The input =>
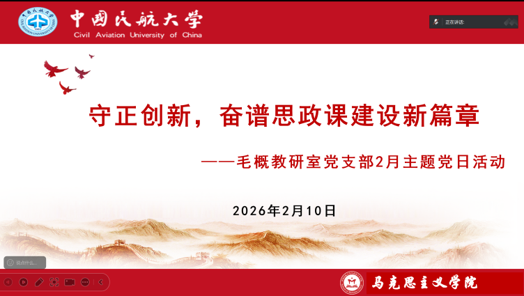 2月10日下午,毛概教研室党支部在线上开展“守正创新 奋谱思政课建设新篇章”主题党日活动。活动由党支部书记陈燕芽主持,全体成员参加。
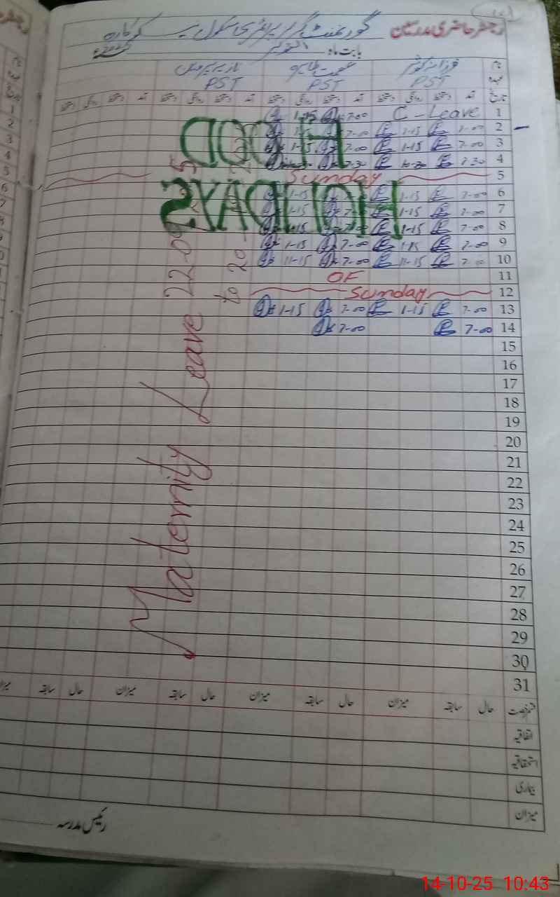 | 36**** | Na**** Pa**** | PST | Regular | 9 | 0 | 0 | 9 | 0 | 0 | 0 | 0 | 0 | Maternity |
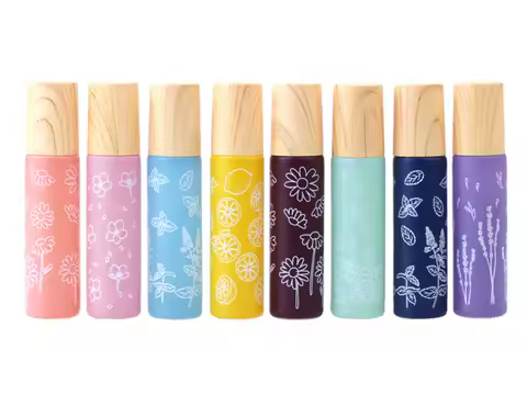 8X 10ML Macaron Flower Glass Essential Oil Roll On Bottles Metal Roller Ball Plastic Cap for Perfume Aromatherapy Refillable
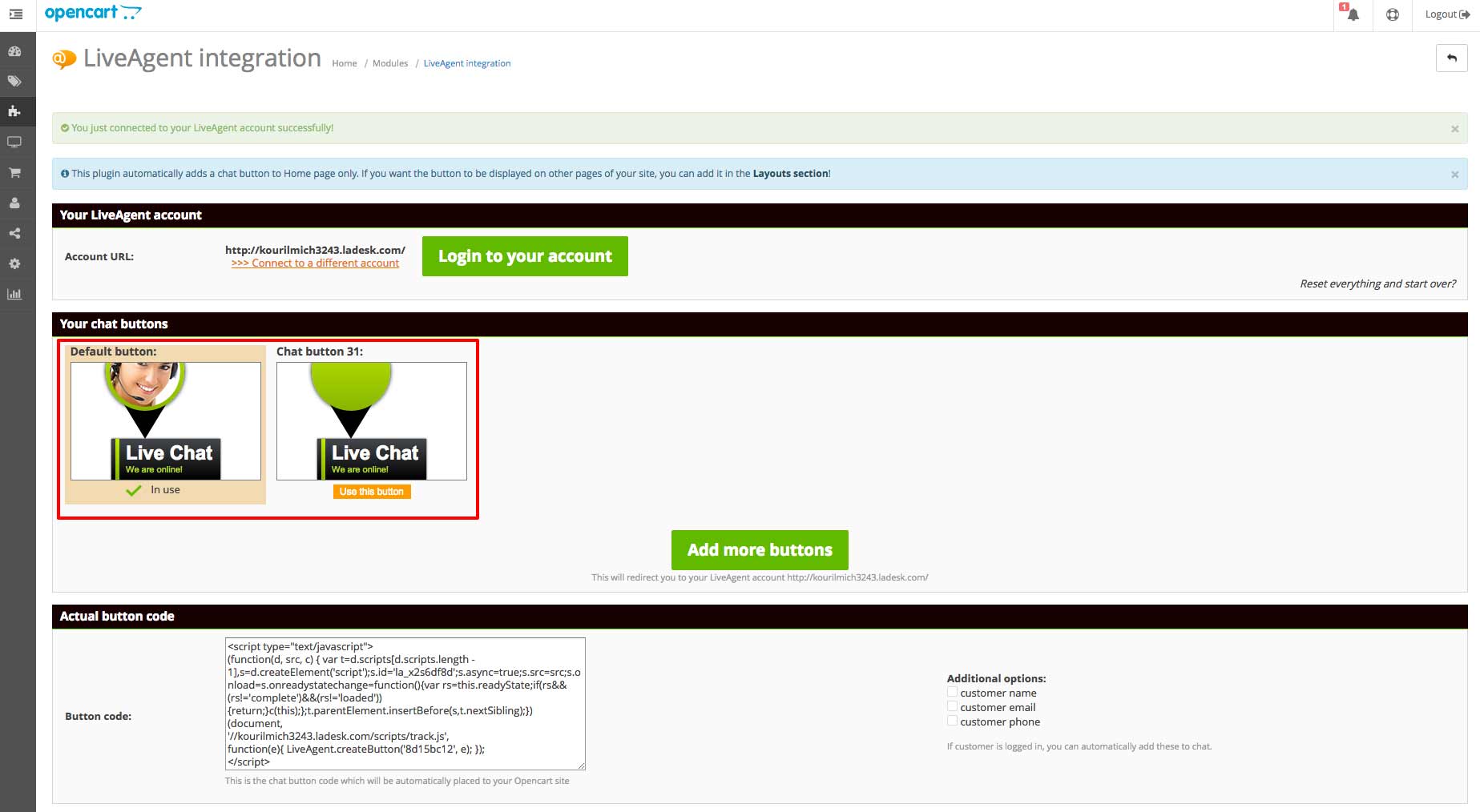 - You’re done. The default live chat button is shown on your website. If you want to change the default button, add new buttons in your LiveAgent account and then click on Use this button in the Opencart LiveAgent module.
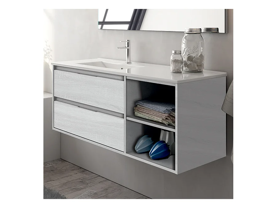 Meuble de salle de bain vasque déportée - 2 tiroirs - OLYMPE et miroir rond Led SOLEN - hibernian (bois blanchi) - 80cm

What you will do => The preceding entries are to be returned verbatim, with every picture excluded.

Solution for this problem =>
 2月10日下午,毛概教研室党支部在线上开展“守正创新 奋谱思政课建设新篇章”主题党日活动。活动由党支部书记陈燕芽主持,全体成员参加。
 | 36**** | Na**** Pa**** | PST | Regular | 9 | 0 | 0 | 9 | 0 | 0 | 0 | 0 | 0 | Maternity |
 8X 10ML Macaron Flower Glass Essential Oil Roll On Bottles Metal Roller Ball Plastic Cap for Perfume Aromatherapy Refillable
 - You’re done. The default live chat button is shown on your website. If you want to change the default button, add new buttons in your LiveAgent account and then click on Use this button in the Opencart LiveAgent module.
 Meuble de salle de bain vasque déportée - 2 tiroirs - OLYMPE et miroir rond Led SOLEN - hibernian (bois blanchi) - 80cm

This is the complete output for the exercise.